I've been trying to learn tensors, without success. The notation sucks, for one thing. But II don't see the purpose. Einstein needed it for his theory, apparently. But it's also used for solids; stress and strain. Why can't you use vector algebra?
I'm not looking for an explanation of what/how, but the why and whatfor. Is there any intuition, or is it just formal, abstract manipulation?
-- RIch
If you have access to university library, you may be able to find a quaint little book, "The Einstein Theory of Relativity" by Lillian Lieber, which has a very down to earth explanation of tensors and the kind of thing they are useful for. At a more technical level, Spivak's "A Comprehension Introduction to Differential Geometry" has some material you may find helpful, though it can be rough going. At your local bookstore you'll probably find "Relativity Demystified" by David McMahon. This looks like the most promising introduction to me in terms of gettng both the mathematical nuts and bolts, and some explanation of the physical significance as you go.
I've been trying to learn tensors, without success. The notation sucks, for one thing. But II don't see the purpose. Einstein needed it for his theory, apparently. But it's also used for solids; stress and strain. Why can't you use vector algebra?
I'm not looking for an explanation of what/how, but the why and whatfor. Is there any intuition, or is it just formal, abstract manipulation?
-- RIch ====================================================== Your question is akin to asking "why use multiplication when repeated addition works just fine?" a) 3+3+3+3+3+3 = 18. b) 6*3 = 18.
a) is easy to compute but clumsy -- ideal for a computer b) requires you learned your multiplication tables by rote when you were 6 years old.
There is a description and history here:
What is your seat pricing strategy? At first you may compute distance (seat to centre stage) as d = sqrt( x^2 + y^2 +z^2) and say price = 1/d * k You may be surprised to learn that you maximise profit when you have some empty seats. As the price comes down the number of seats taken goes up, but there comes a point where lowering the price any further reduces the profit. The real question is, should I hire you to manage my theatre while I'm off sailing in my yacht in the Mediterranean? Do you have "knows tensors and how to apply them" on your resume? And that is the why and whatfor, I don't give a hoot for Einstein's theory, it doesn't buy me anything.
-- Lord Androcles, Zeroth Earl of Medway
Of course, I meant "Comprehensive", not "Comprehension", in that title.
You cannot just use vector algebra, because: A) it is unable to distinguish the different ranks of tensors (a dyad represents rank-2, but higher ranks are not covered; in GR, tensors with ranks up to 4 are essential) B) some aspects of vector algebra are specific to three dimensions (e.g. the cross product, the curl); relativity needs four dimensions C) it ignores the important distinction between vectors and co-vectors D) it ignores the essential difference between co- and contra-variant quantities (related to (C) but more general) E) It introduces a confusing and very limited notion of "pseudo vector" (see (B) above)

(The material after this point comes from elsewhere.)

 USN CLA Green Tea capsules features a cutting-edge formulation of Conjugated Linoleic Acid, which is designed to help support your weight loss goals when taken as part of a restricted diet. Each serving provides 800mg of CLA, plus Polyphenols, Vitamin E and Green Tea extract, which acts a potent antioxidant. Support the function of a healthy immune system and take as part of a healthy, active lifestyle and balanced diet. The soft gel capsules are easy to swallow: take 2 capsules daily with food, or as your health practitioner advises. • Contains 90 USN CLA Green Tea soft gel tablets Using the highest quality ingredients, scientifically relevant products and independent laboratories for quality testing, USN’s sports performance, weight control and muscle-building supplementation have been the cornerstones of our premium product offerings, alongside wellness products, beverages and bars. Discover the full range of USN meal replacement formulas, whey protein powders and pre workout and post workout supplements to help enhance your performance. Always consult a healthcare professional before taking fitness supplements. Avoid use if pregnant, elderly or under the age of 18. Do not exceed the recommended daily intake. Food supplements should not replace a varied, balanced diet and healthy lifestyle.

Any intuition is directly connected to geometry.
The best understanding for me came from the early chapters of Misner, Thorne, and Wheeler, _Gravitation_, and also Baez and Muniain, _Gauge_Fields,_Knots,_and_Gravity_.
A rank-N tensor is a multi-linear function of N vectors and co-vectors onto the Reals. The co- and contra-variance of tensors depends on their behavior under a mapping of the underlying manifold: a covariant tensor naturally behaves simply under a push-forward of the map, while a contravariant tensor naturally behaves simply under the pull-back of the map.
Tom Roberts
You cannot just use vector algebra, because: A) it is unable to distinguish the different ranks of tensors (a dyad represents rank-2, but higher ranks are not covered; in GR, tensors with ranks up to 4 are essential) B) some aspects of vector algebra are specific to three dimensions (e.g. the cross product, the curl); relativity needs four dimensions C) it ignores the important distinction between vectors and co-vectors D) it ignores the essential difference between co- and contra-variant quantities (related to (C) but more general) E) It introduces a confusing and very limited notion of "pseudo vector" (see (B) above)

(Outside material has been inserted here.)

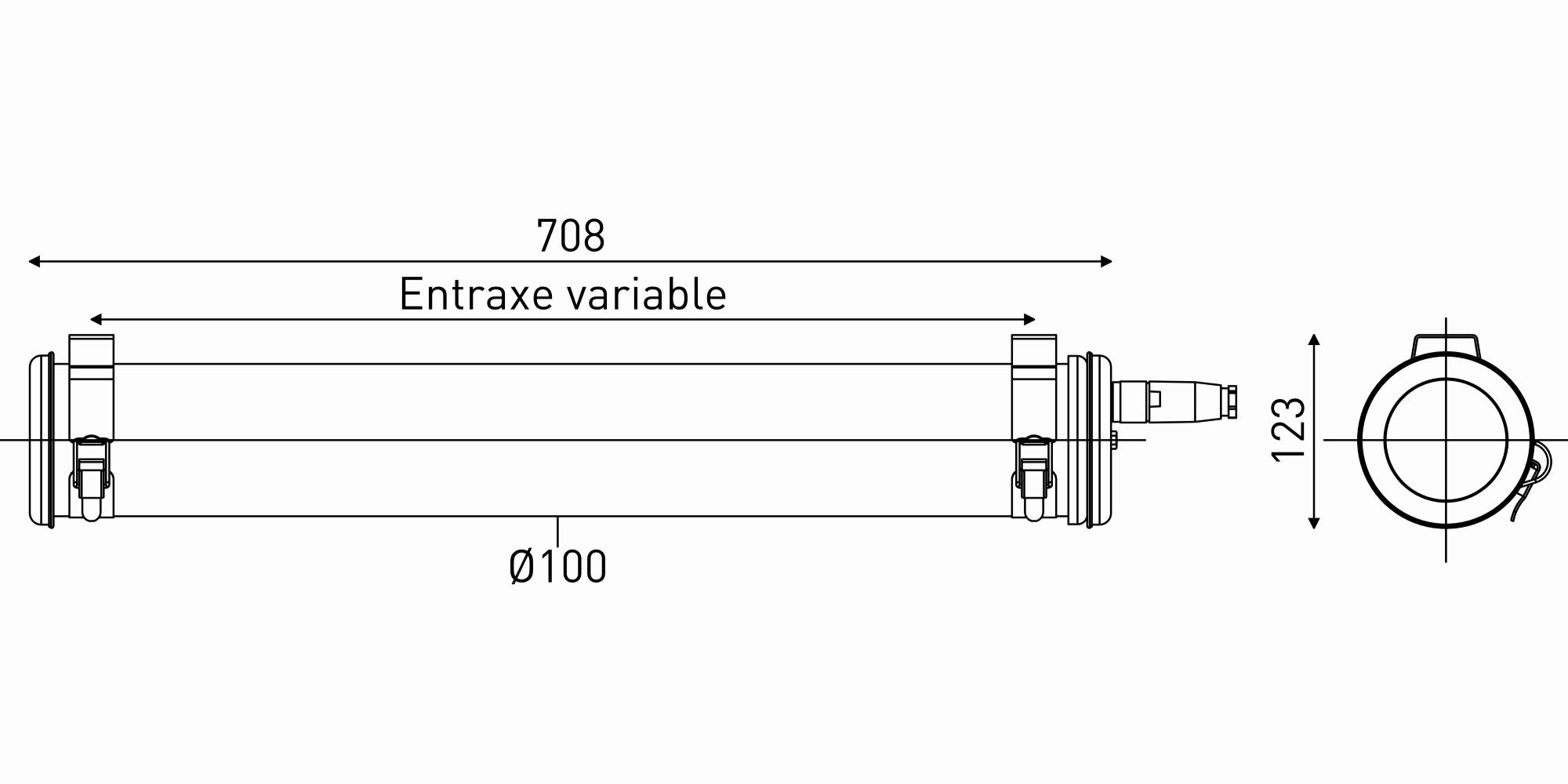 Luminaire tubulaire PASCAL 100 - Vasque satinée - Flasques inox en forme de 1/2 tore creux - Vasque Ø100 mm en polycarbonate protégé des UV, des solvants, des hydrocarbures et des agents lessiviels par une coextrusion de méthacrylate - Toute partie métallique externe en inox 316L et visserie en inox A4 - Enveloppe monobloc à étanchéité renforcée - Platine d'appareillage en tôle d'acier laquée blanche guidée et verrouillable - Joints moulés en EPDM - Modules LED démontables à haute efficacité (IRC>80, 70 000h L80/B10@Tmax) - Flux lumineux: 1850 lm - Température de couleur : 3000K - UGR ? 25 - Driver LED non réglable - Diamètre : 100 mm - Longueur hors tout: 708 mm - Entrée de câble par 2 presse-étoupes en polyamide, dont 1 obturé, pour câblage en repiquage (Ø7 à 12 mm). Ampérage Max 10A - Raccordement par bornier débrochable double étage 5x2,5mm², compatible réseau triphasé - Fixation par colliers renforcés en inox à vis CHC à entraxe variable et permettant une orientation sur 360° - Maintenance par démontage du flasque mobile et coulissement de la platine guidée - Garantie : 8 ans, en usage 24/7 à temp max - Température d'utilisation : -20°C +35°C - Indice de protection : IP66/IP68/IP69K - Résistance aux chocs : IK10 - Classe I - Tension d'alimentation : 220-240V 0/50/60Hz - Consommation: 16 W - Efficacité lumineuse: 115 lm/W - Facteur de puissance > 0,98 - THD: 7,5 % - Risque photobiologique : Groupe 0 - Pic de courant d'appel: 20,4 A - Durée du courant d'appel à 50% du pic: 195 µs - Nombre de drivers sur MCB type B 16A: 24 pcs - Résistance au fil incandescent : 650°C - Poids: 2 kg - Conçu et fabriqué en France

Any intuition is directly connected to geometry.
The best understanding for me came from the early chapters of Misner, Thorne, and Wheeler, _Gravitation_, and also Baez and Muniain, _Gauge_Fields,_Knots,_and_Gravity_.
A rank-N tensor is a multi-linear function of N vectors and co-vectors onto the Reals. The co- and contra-variance of tensors depends on their behavior under a mapping of the underlying manifold: a covariant tensor naturally behaves simply under a push-forward of the map, while a contravariant tensor naturally behaves simply under the pull-back of the map.
Tom Roberts
--Lord Androcles, Zeroth Earl of Medway
Ordinary matrices can be 0, 1, or 2 dimensions --- rank 0, rank 1, and rank 2. Matrices with higher dimensions are covered by tensors. Think tensors as matrices with any dimensions, and you won=92t go wrong.
After the Riemann tensor (rank 4 =3D 4 x 4 x 4 x 4) is reduced for no apparent reasons to the Ricci tensor (rank 2), for all practical considerations, GR only deals with 2-dimensional matrices (4 x 4) --- rank-2 tensor. For all practical applications, GR deals with symmetric matrices, and this simplifies the mathematics greatly.
A vector is still a scalar. When you take the derivative of a vector, you have to deal with its unit vectors, and that can get very cumbersome. Tensors represent the derivative of a vector without using the unit vectors, and that actually becomes simpler.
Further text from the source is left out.